About this task: Find the line that contains "Luksuriøst PU-skinn med". Copy it and every line after it to the end of the material below, exactly, with no pictures.

Given material:
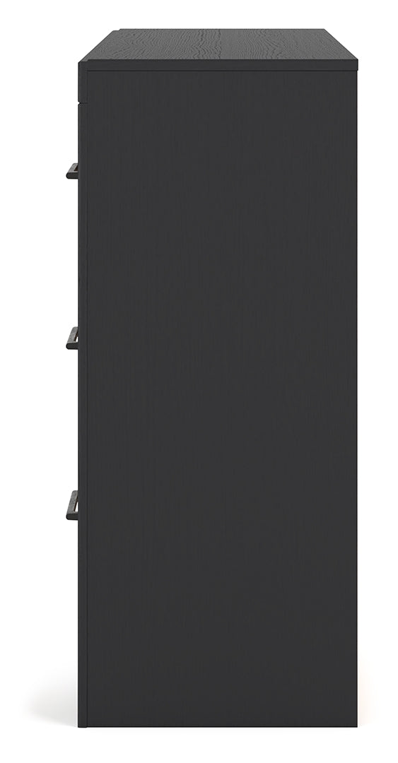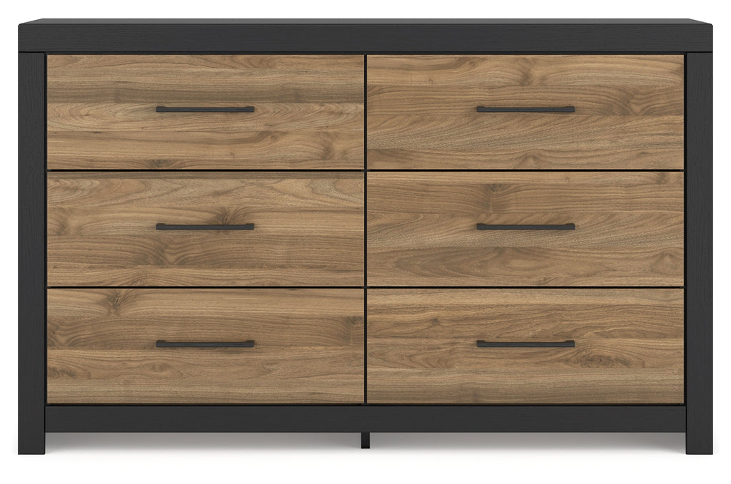 Relaxed yet striking, this dresser brings casual beauty and function to your dream destination. You're sure to love its spacious drawers that glide open and offer plenty of storage for your wardrobe and spare bed linens. A delightful two-tone treatment blends a fresh replicated walnut grain with a matte black finish, while sleek handles in an antiqued gunmetal finish lend a contemporary touch.
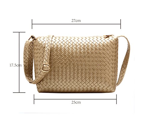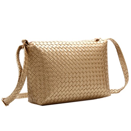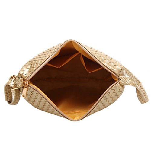 Yuanhong Women's Weaving Grain Shoulder Bag (Gold)
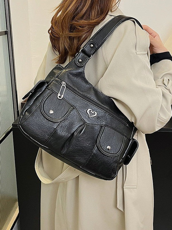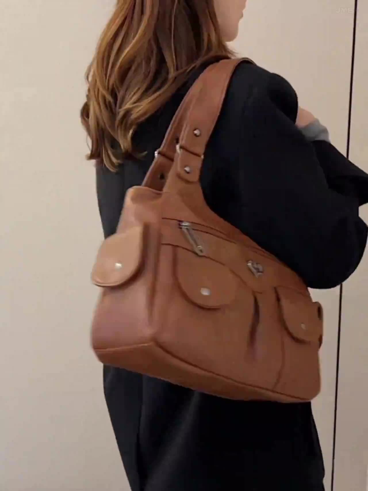 Luksuriøst PU-skinn med doble skulderreimer – ser dyrt ut, føles lett å bære.
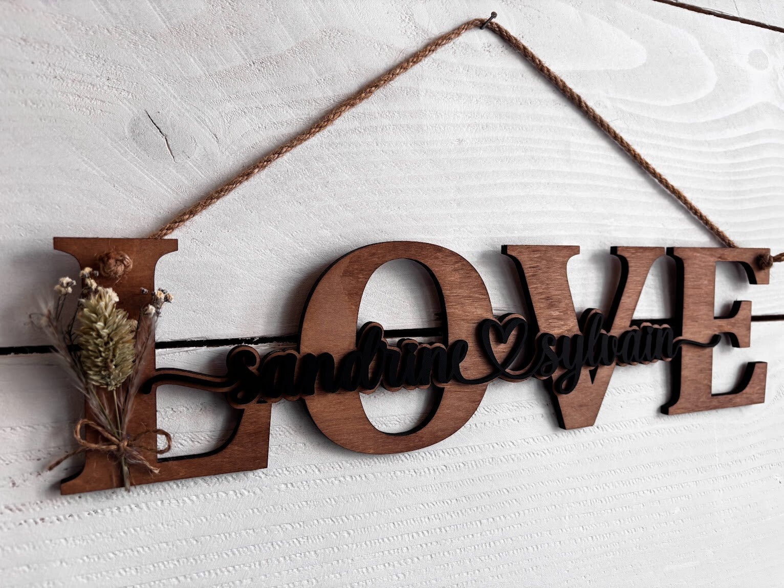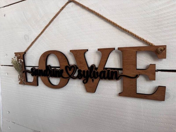Création artisanale. Le mot LOVE est fabriqué en contreplaqué de bouleau 5mm et teinté au brou de noix. Les prénoms sont fabriqués en contreplaqué de bouleau 3mm et peint à la main en noir.

Response below:
 Luksuriøst PU-skinn med doble skulderreimer – ser dyrt ut, føles lett å bære.
Création artisanale. Le mot LOVE est fabriqué en contreplaqué de bouleau 5mm et teinté au brou de noix. Les prénoms sont fabriqués en contreplaqué de bouleau 3mm et peint à la main en noir.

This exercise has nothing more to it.